Kampf gegen Wilderei
Dennoch ist das Wisent bis heute eine bedrohte Tierart, besonders in den Bergweiten der Kaukasus-Republik Adygea. Diese zählt zu den kleinsten Republiken innerhalb der Russischen Föderation und stellt das Hauptverbreitungsgebiet des Kaukasus-Bergwisent. Im Zuge der Auflösung der Sowjetunion brach der wieder aufgebaute Bestand von 1.400 Tieren dramatisch auf 240 Tiere ein. Jagd, Wilderei, Freizeitaktivitäten und die Zerstörung des Lebensraumes außerhalb der sicheren Grenzen von Schutzgebieten setzten der sensiblen Tierart zu. Experten befürchteten, dass auf diese Weise das Kaukasische Bergwisent zum zweiten Mal ausgerottet würde.

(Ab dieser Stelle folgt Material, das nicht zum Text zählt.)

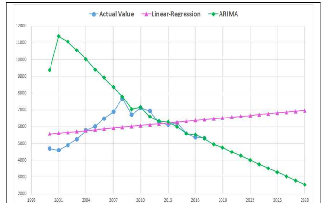
(a) Estimated with 18-years Time series Data (2000~2017)

Table 1과 2의 기초자료를 이용하여, Fig 1에서 제시한 개선된 도선사 수요산정 프로세스에 따라서 12개 도선구별에 대한 적정 도선사 수요를 추정하였다(Table 4 참조). 우선 Fig 2는 적정 최대도선시간을 초과하는 포항항 도선사 수요추정 과정을 상세히 보여주고 있다. 즉, Fig 2.(a)는 Table 2에서 제시한 최근 18년간의 실도선척수에 대한 시계열 자료를 활용하여, 단순선형회귀분석과 ARIMA분석법으로 추정한 결과이다. 먼저, 포항항의 항만 화물처리 실적은 2008년 67,658 천 RT(Revenue Ton)에서 2017년 58,890천RT으로, 그리고 입출항선박 척수도 마찬가지로 2008년 20,453척에서 2017년 12,908척으로 감소하는 추이를 보이고 있다(KMI, 2019). 따라서 Fig. 2 (a)와 같이, 실도선척수 또한, 2008년까지 7,679척으로 증가하다가 이후 2017년에는 5,321척까지 감소하는 같은 추세를 보임에 따라 실도선척수는 항만물동량과 입출항 선박 변화를 대변할 수 있는 변수임을 확인할 수 있다.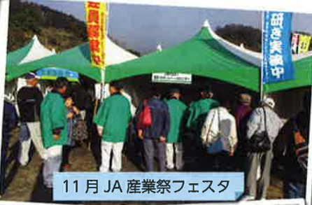
11月JA産業祭フェスタ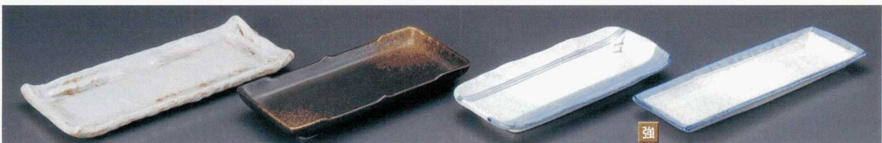
26117-544 志野タタキ突出皿 940円 48入 (24.5×9.5×2cm) 26118-454 焼ノ突出皿 840円 60入 (21×9.5×2.2cm) 26119-524 かもめ突出皿 830円 60入 (21×9.6×2.3cm) 26120-554 シンプルライン突出皿 820円 60入 (22.7×7.8×1.7cm)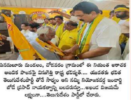
పెనమలూరు మండలం, బోడవరం గ్రామంలో ఈ నియంత ఆరాచక అలవిత పాలనపై విసగిరి రాష్ట్ర భవిష్యత్... యువతకు భవిత తెలుగుదేశంపార్టీ తోనే సాధ్యం అని సమస్య నియోజకవర్గ అండ్ టోడే ప్రసాదీ నాయకత్వాన్ని బలపరుస్తూ... ఆంధ్రం విజయమే లక్ష్యంగా... తెలుగుదేశం పార్టీని పేదరించారు.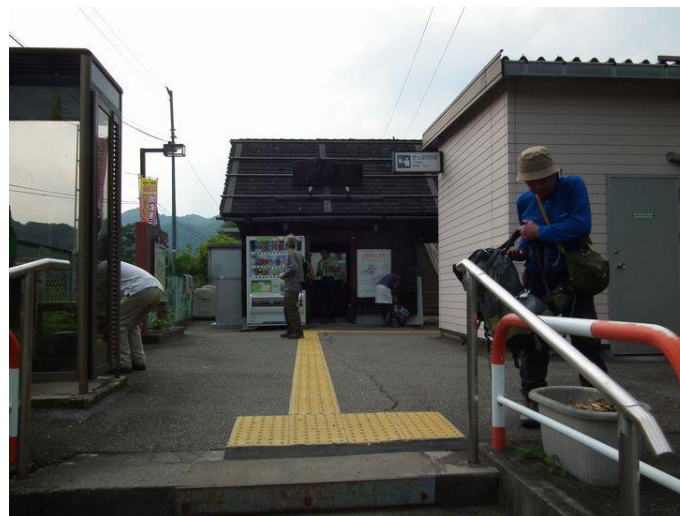
15:33 東京行が来ますよ！

総勢 13 名のにぎやかな山歩きでした。 長く感じたコースでしたが、CT4 時間ほどです。梁川で気温 30 度ほど、それ以上に暑く感じた一日でした。 季節を変えて歩きたいものです。 お疲れ様でした。イガ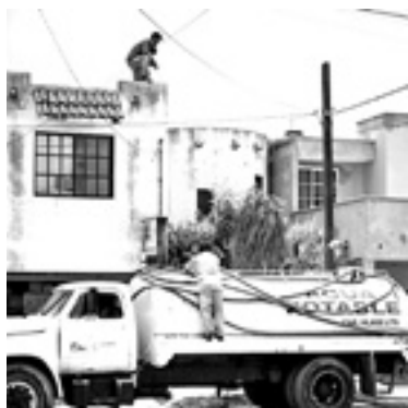
COMAPA REALIZA el abastecimiento de agua.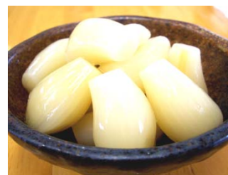
⑧手間と厳重な検査を経て、安心して安全な商品の完成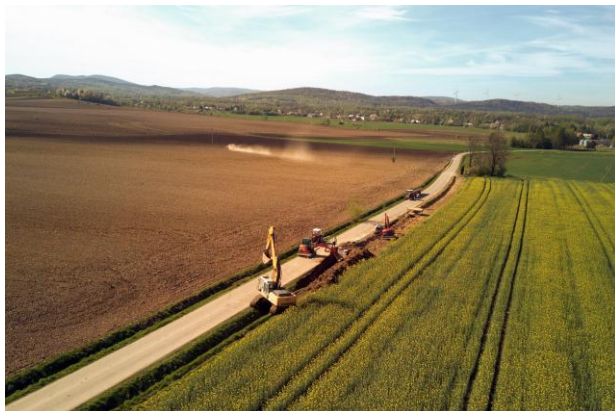
Budowa kolektora sanitarnego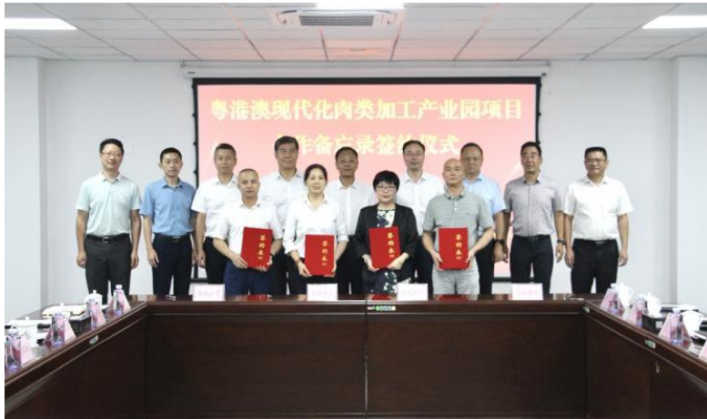
图注：粤港澳现代化肉类加工产业园项目合作备忘录签约仪式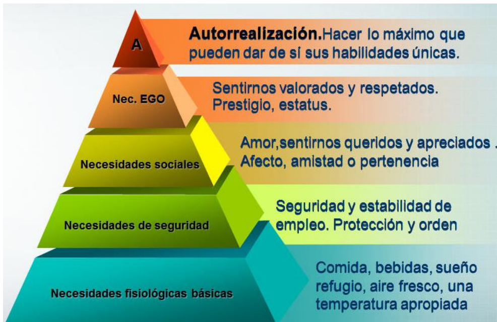
Figura 1. Pirámide de Necesidades Elaboración: Maslow

Estas necesidades no tienen que alcanzarse forzosamente en orden desde el inicio hacia la cúspide, es decir, no implica un alcance ascendente, porque las necesidades fisiológicas nunca dejarán de surgir y satisfacerse.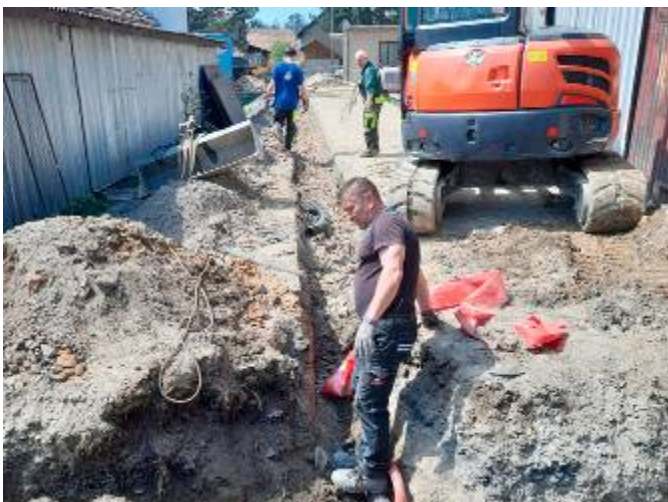
Pracovníci při výkopových pracích a pokládce kabelu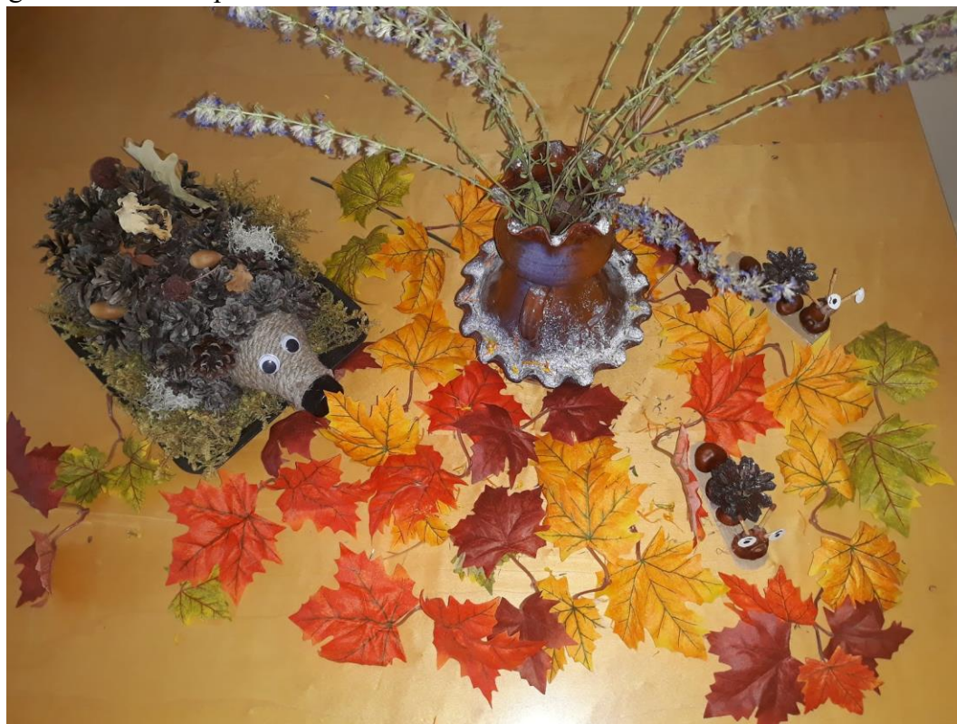
Lasteaiarühma Muumi lapsevanema meisterdatud sügiskompositsioon.

Meisterdavad ka lapsevanemad. Purku lasteaiarühmas Muumi on ühe lapsevanema valminud kaunis sügisteemaline kompositsioon.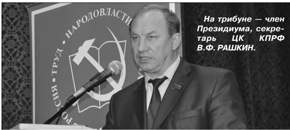
На трибуне — член Президиума, секретарь ЦК КПРФ В.Ф. РАШКИН.

21-22 января 2011 года в Подмосковье проходил семинар-совещание руководителей комитетов и штабов по выборам региональных отделений КПРФ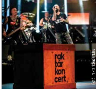
A koncertek már elérhetők a raktarkoncert.hu oldalon

A hazai könnyűzenei ipar támogatására indított koncertsorozat, a Raktárkoncert felvételei már augusztus közepe óta zajlanak. A közönség szeptember 21-étől már teljes egészében láthatja a digitálisan közvetített rendezvény-sorozatot. A projektet koordináló Lounge Group-nál hatalmas apparátus dolgozik azon, hogy a projekt bevonuljon minden idők legnagyobb magyarországi koncertjeinek csarnokába.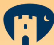
Centro de Interpretación Castillo del Guadaíra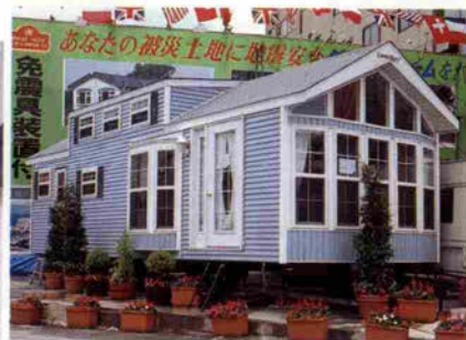
アメリカ製カンタベリーL20 ロフト付き16坪フル装備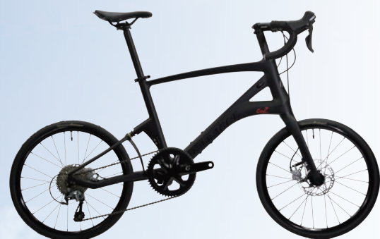
CARACLE-COZ 4700(Tiagra)基本モデル r1.2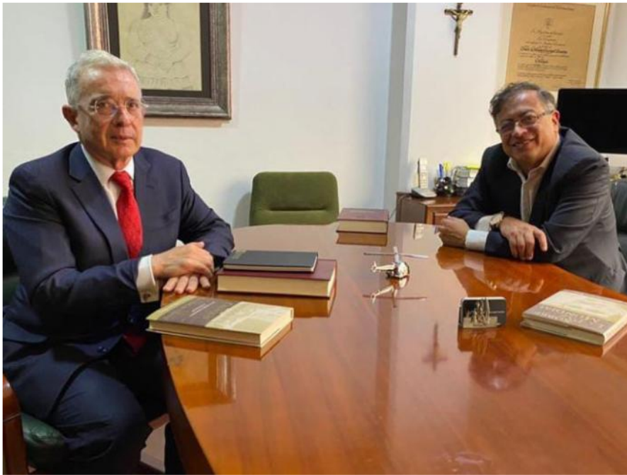
Álvaro Uribe y Gustavo Petro

Nuestra historia nacional contiene muchas anécdotas de elevados personajes que se comportaron con gallardía en las lides políticas. Manuel Murillo Toro, presidente en dos ocasiones, jefe del olimpo radical, conlleva varios de esos pequeños episodios. Al general José María Melo, el dictador, su paisano también chaparraluno, a quien había contribuido a derrocar, le pagó, mediante la adquisición de un crédito, la fianza de $8.000 que se le había impuesto después de haber sido juzgado. A don Carlos Holguín, jefe conservador, que le neutralizó a Murillo un enroque importante, se lo encontró en una de las calles de Bogotá, y en vez de recriminarlo lo abrazó, lo felicitó y le dijo: "esta parada si me la ganó usted" .

Daher setzt sich der NABU seit 2001 im Kavkazsky-Totalreservat in der Republik Adygea gemeinsam mit der Schutzgebietsverwaltung für das Überleben des Kaukasus-Wisents ein. Mit Unterstützung der Ursula-Merz-Stiftung werden die dortigen Herden von Wissenschaftlern auf Größe und Veränderung des Bestandes, Wanderverhalten, Nahrungsaufnahme und in naher Zukunft auch auf genetische Merkmale untersucht. So können auf lange Sicht Ursachen von Bestandsschwankungen und Populationsrückgängen erfasst und erklärt werden.
2008 ist Jahr des Wisents
Noch ist beispielsweise unklar, warum die Herden im Winter nicht mehr in tiefere Lagen wandern und wie sich dies auf die Tiere auswirkt. Um Wilderei zurückzudrängen, die als eine mögliche Ursache für die Verhaltensänderungen in Frage kommt, wird die Verwaltung des Schutzgebietes bei Maßnahmen gegen die Wilderer unterstützt. Momentan wächst die Population um sieben bis zehn Prozent pro Jahr. Etwa 370 Tiere in Einzelherden leben derzeit innerhalb des Schutzgebiets mit den berühmten Nordmanntannen-Urwäldern. Damit dies so bleibt und der Bestand weiter zunimmt, sollen Öffentlichkeitsarbeit, Ökotourismus und Umweltbildungsprogramme zusätzlich helfen, das Tier und seine Historie in das Bewusstsein der Menschen bringen und sie für die Giganten zu sensibilisieren.
2008 ist das Wisent von der Schutzgemeinschaft Deutsches Wild zum "Wildtier des Jahres" gewählt worden - ein gutes Omen für die Zukunft der sanften Riesen.